[Start of section]

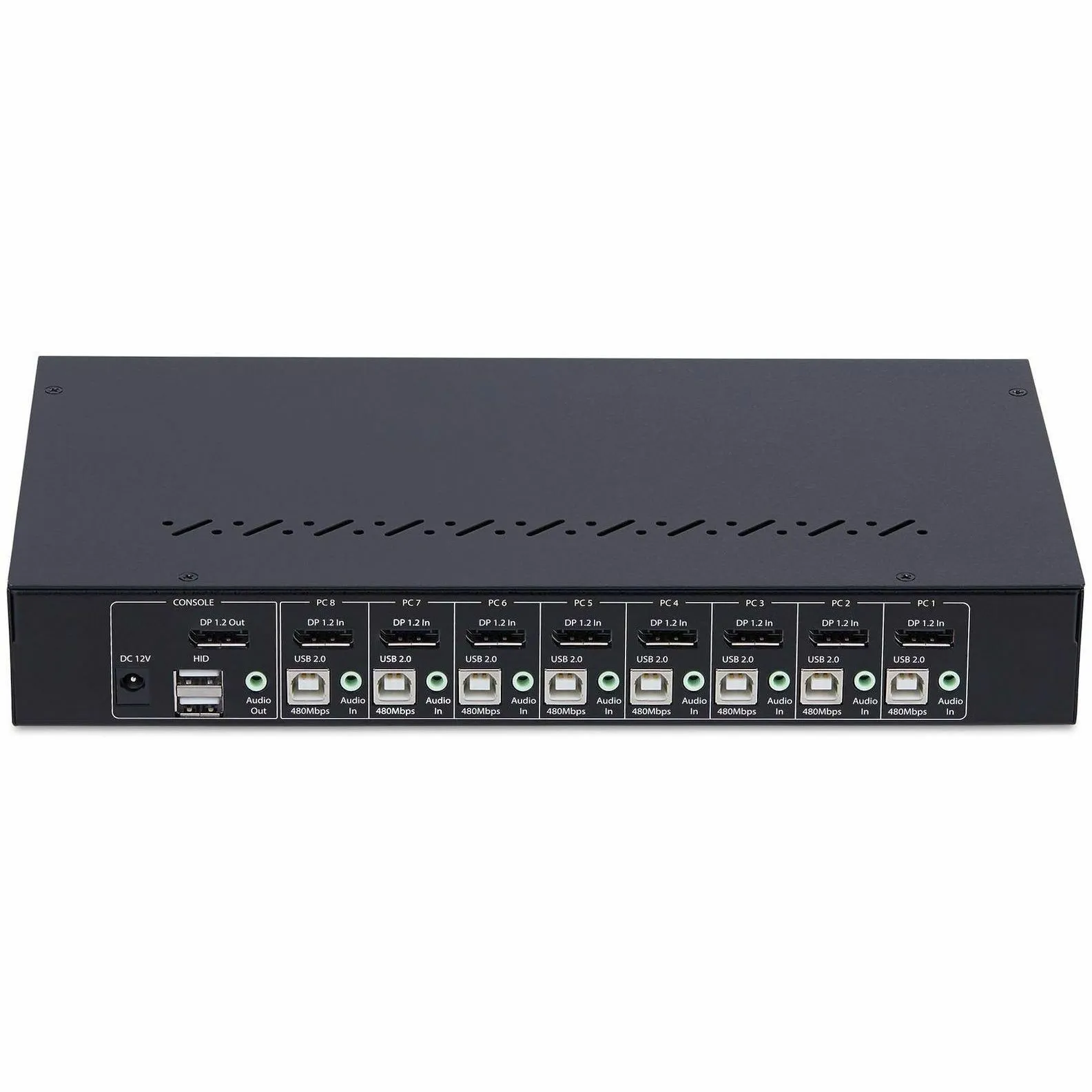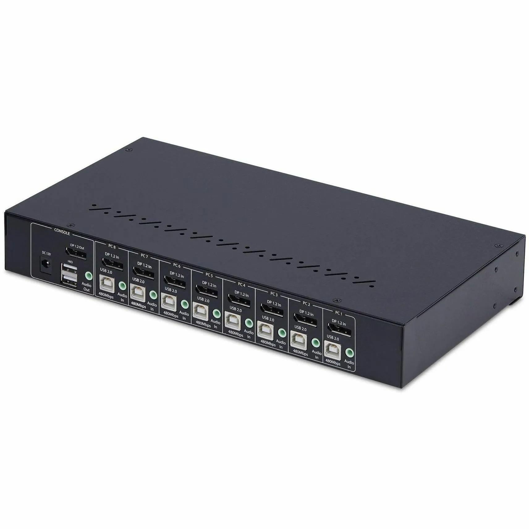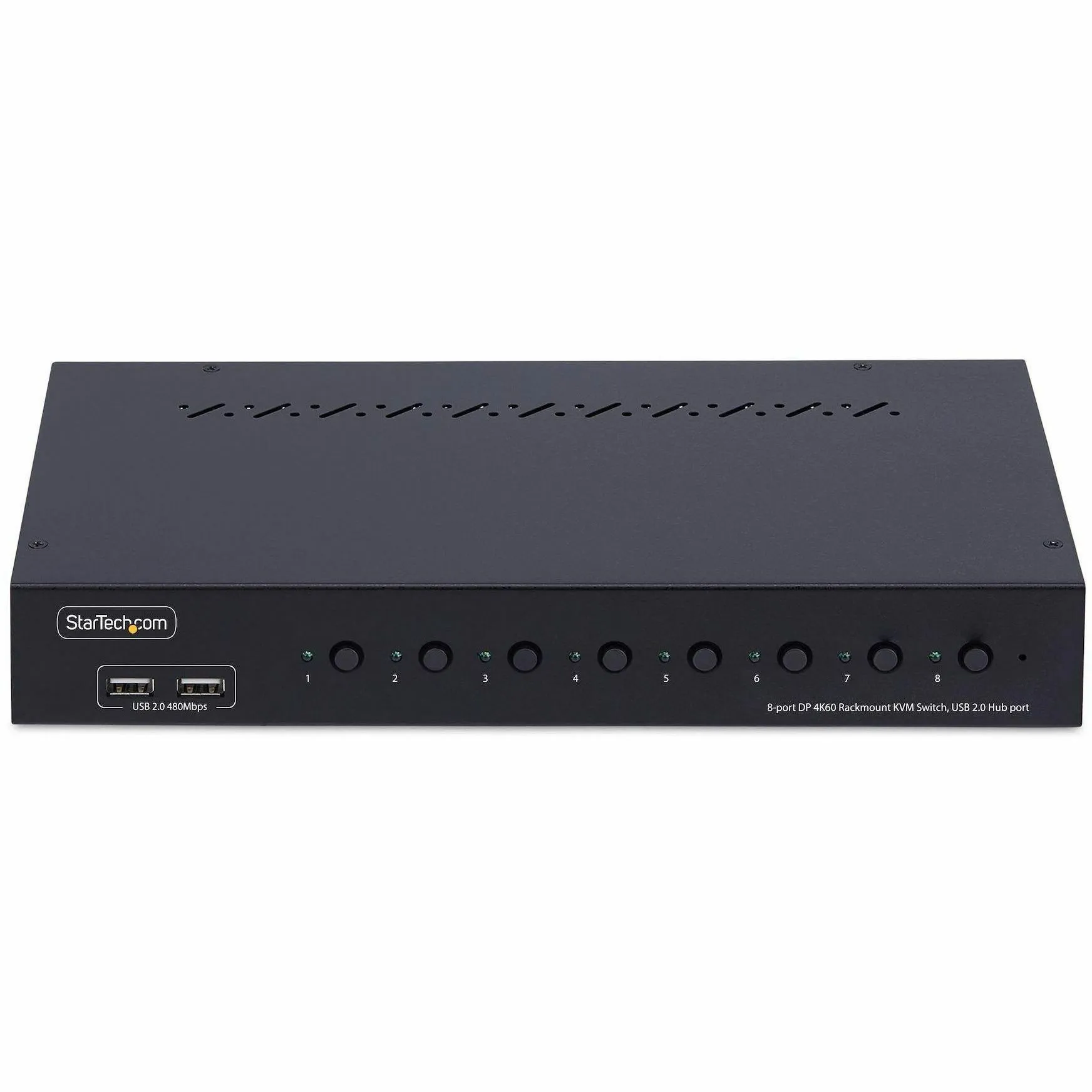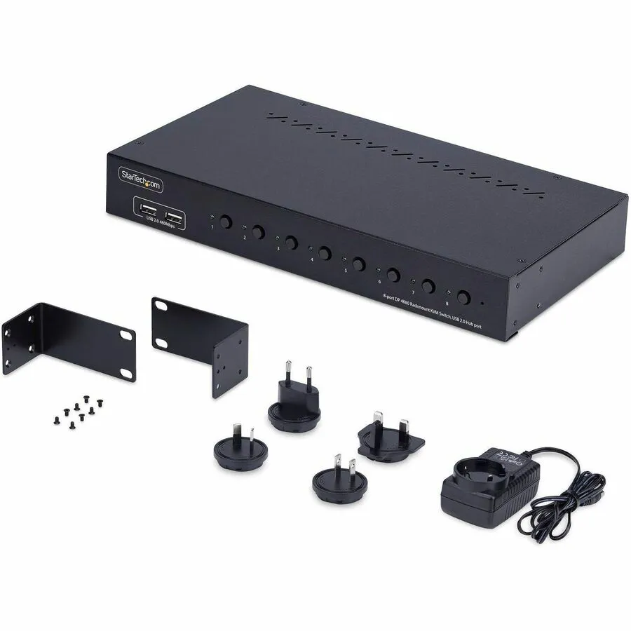 - Switch between 8x DisplayPort computers to share a keyboard/mouse/4-port usb 2.0 hub/audio/4K 60Hz DP 1.2 monitor - TAA-Compliant KVM Switch gives BIOS level control with any OS including Windows/macOS/Linux - Works with all hardware platforms such as Intel/AMD/SnapDragon/ARM/Apple Silicon - Push-button/hotkey switching with audible buzzer; LEDs for visual port selection status - Includes rackmount brackets to install in 1U of rack space; Requires a mounting depth of 6.5in (165mm) or more
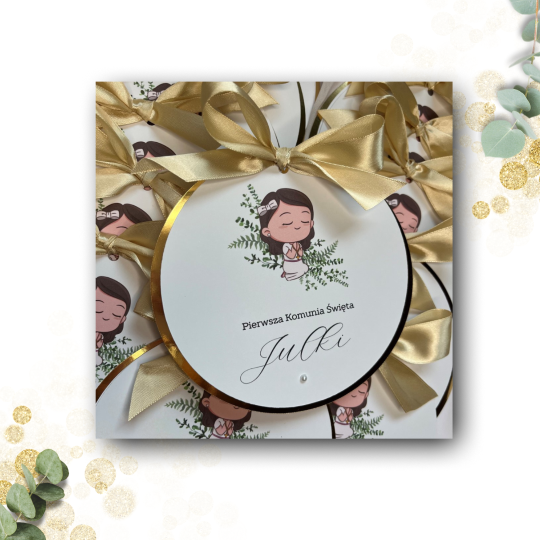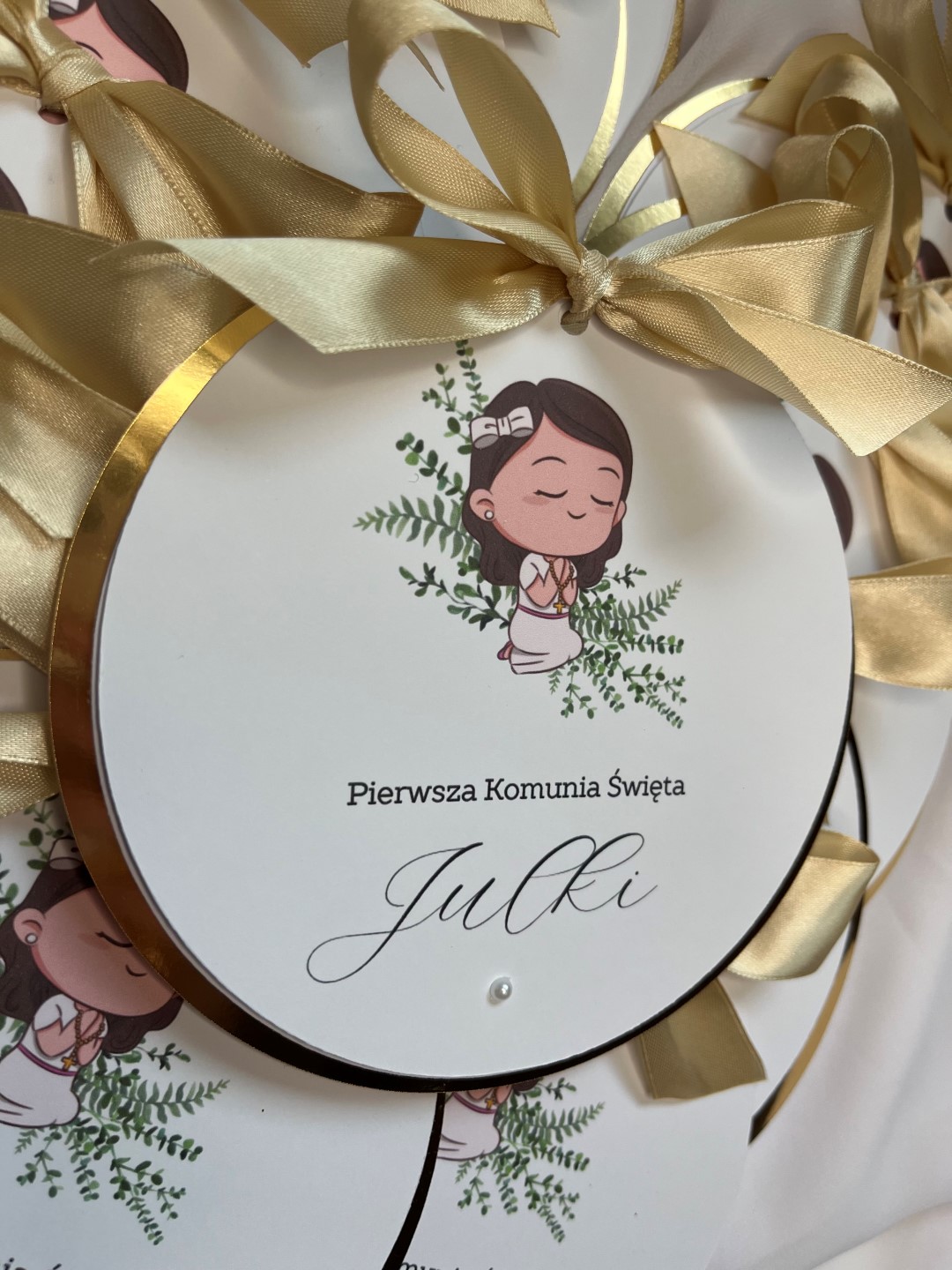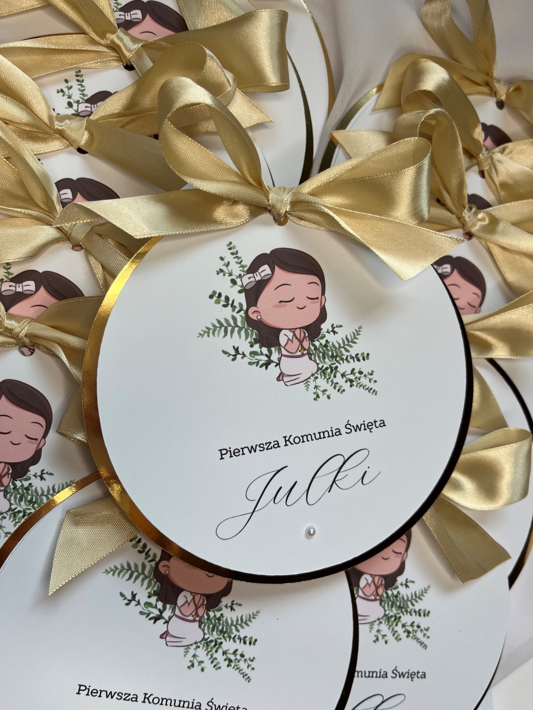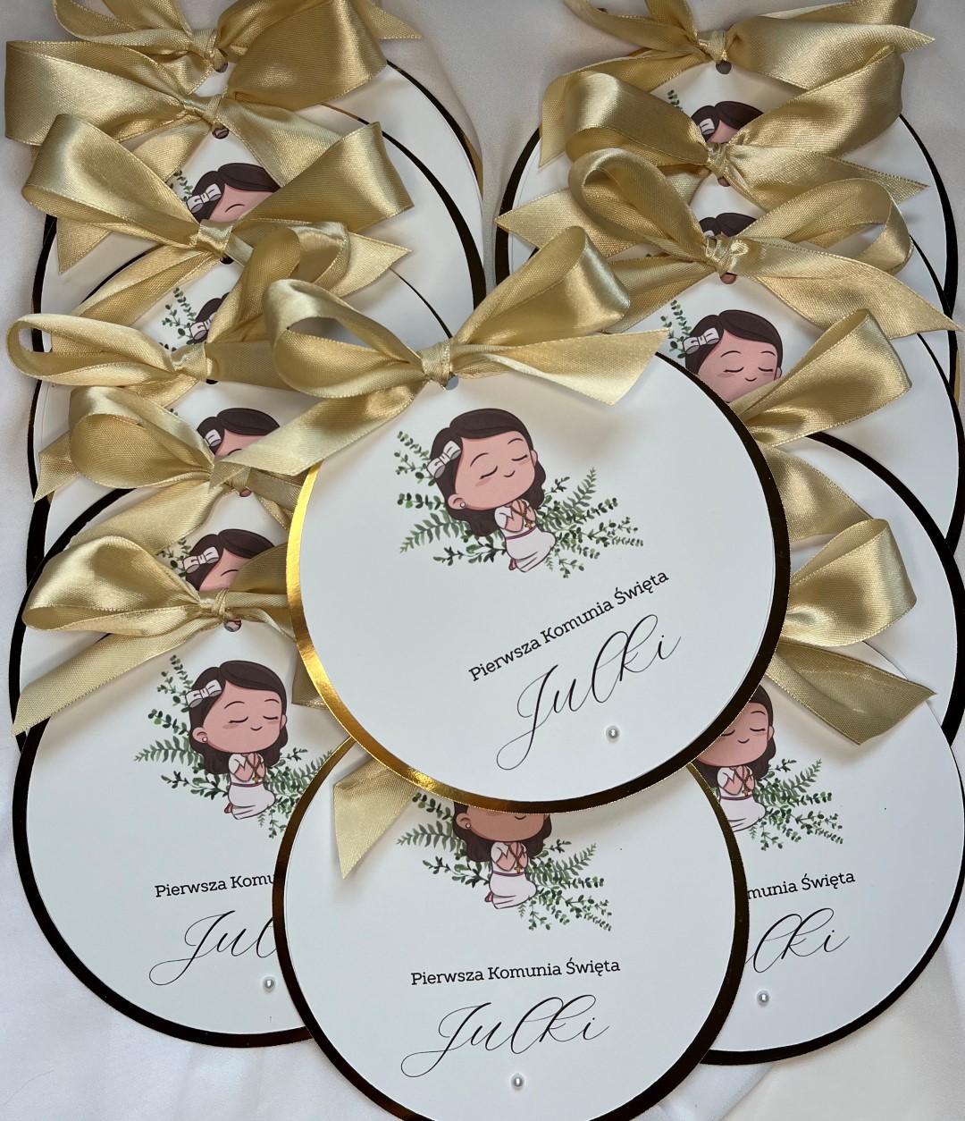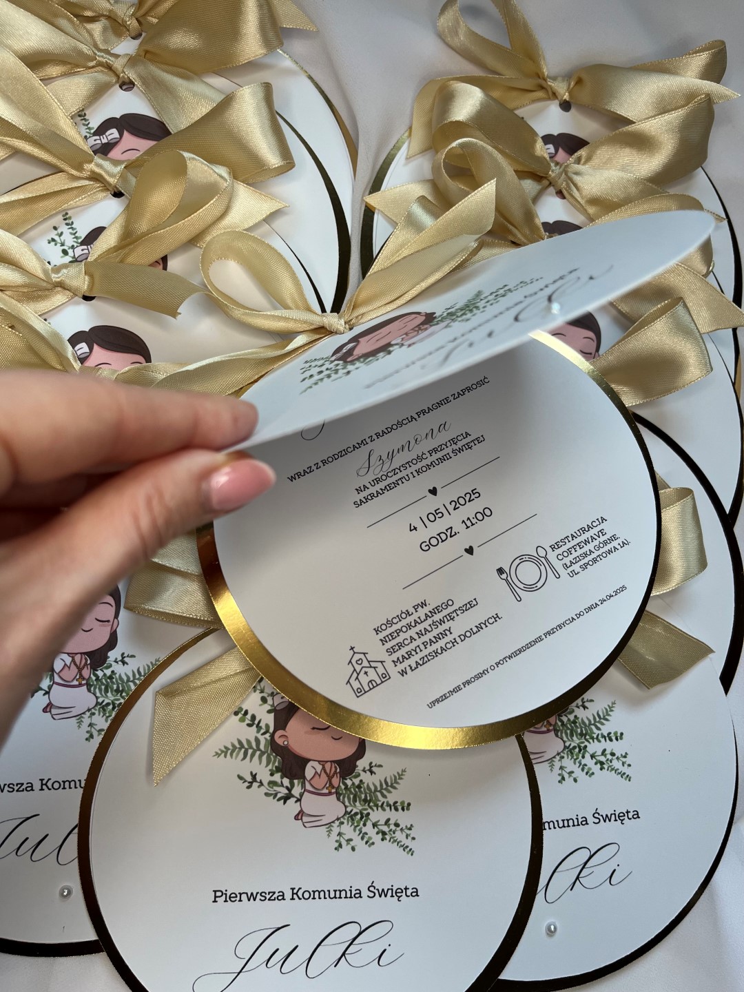 Wymiary zaproszenia: 14 cm średnica koło złote, 12,5 cm średnica przodu oraz środka zaproszenia
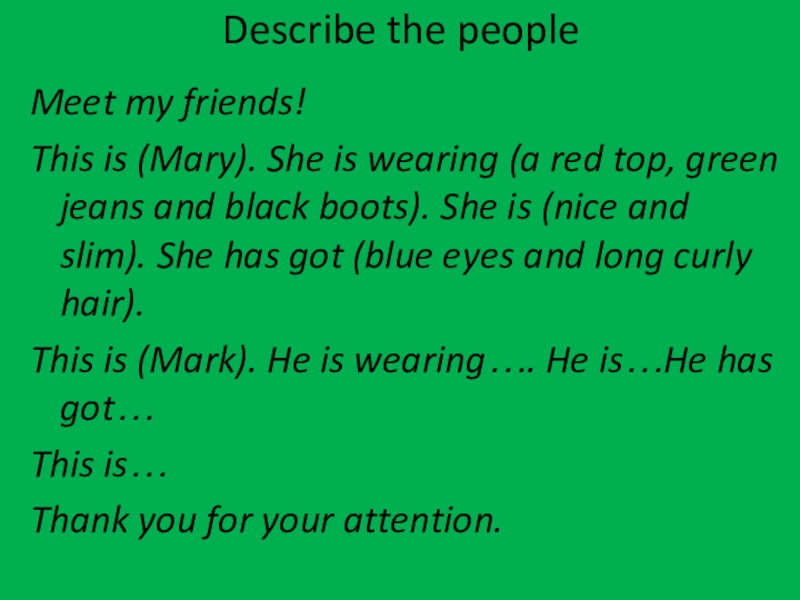 Слайд 28Describe the people
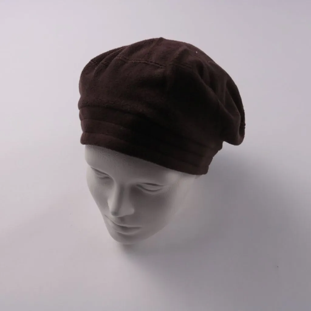 Шапка без указания бренда из мягкого плотного материала, коричневого цвета, со свободной посадкой. Подойдёт для повседневной носки в холодную погоду и хорошо сочетается с верхней одеждой в спокойных тонах. Удобно сидит на голове и закрывает уши за счёт...
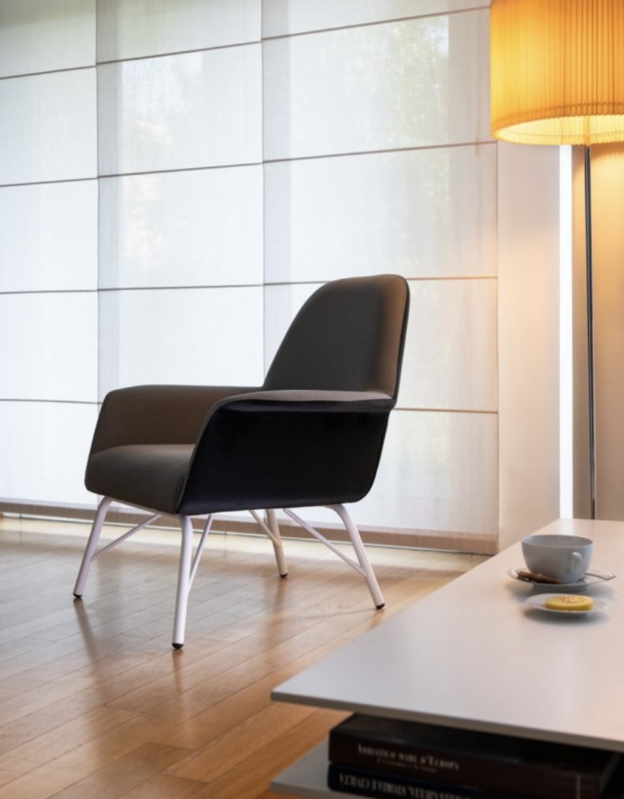 EDITION Viva Metal Lounge Chair has been designed for hospitality projects with a cost effective price point / Round metal tube / Stretcher braces for additional strength and added detail / Available in black or white painted frame standard, other colours on request / Fully Upholstered Seat and Back Standard / Ideal for Hotels and Restaurants.
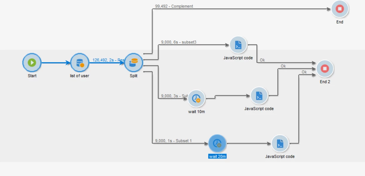 I am making an API call to users using querydef inside the JS activity of workflow. Since Querydef can handle 10k records at a time, we split the entire records into 9k each and used multiple javascripts as show below. We created one JS activity and copy pasted the same for the other two. I am using 'logInfo' inside the JS activity to print the users the the API call has been made.
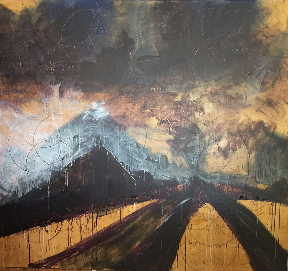 These are the words written throughout the painted layers. They are transposed from a conversation between Dr. Hank Wesselman and a Kahuna elder. He talks of loving with an open heart unconditionally.

[End of section]

*What is being asked*
Your reply should contain only an exact copy of the lines from the beginning of the material through the line with "EDITION Viva Metal", both ends included, with the pictures removed.

*Answer box*
 - Switch between 8x DisplayPort computers to share a keyboard/mouse/4-port usb 2.0 hub/audio/4K 60Hz DP 1.2 monitor - TAA-Compliant KVM Switch gives BIOS level control with any OS including Windows/macOS/Linux - Works with all hardware platforms such as Intel/AMD/SnapDragon/ARM/Apple Silicon - Push-button/hotkey switching with audible buzzer; LEDs for visual port selection status - Includes rackmount brackets to install in 1U of rack space; Requires a mounting depth of 6.5in (165mm) or more
 Wymiary zaproszenia: 14 cm średnica koło złote, 12,5 cm średnica przodu oraz środka zaproszenia
 Слайд 28Describe the people
 Шапка без указания бренда из мягкого плотного материала, коричневого цвета, со свободной посадкой. Подойдёт для повседневной носки в холодную погоду и хорошо сочетается с верхней одеждой в спокойных тонах. Удобно сидит на голове и закрывает уши за счёт...
 EDITION Viva Metal Lounge Chair has been designed for hospitality projects with a cost effective price point / Round metal tube / Stretcher braces for additional strength and added detail / Available in black or white painted frame standard, other colours on request / Fully Upholstered Seat and Back Standard / Ideal for Hotels and Restaurants.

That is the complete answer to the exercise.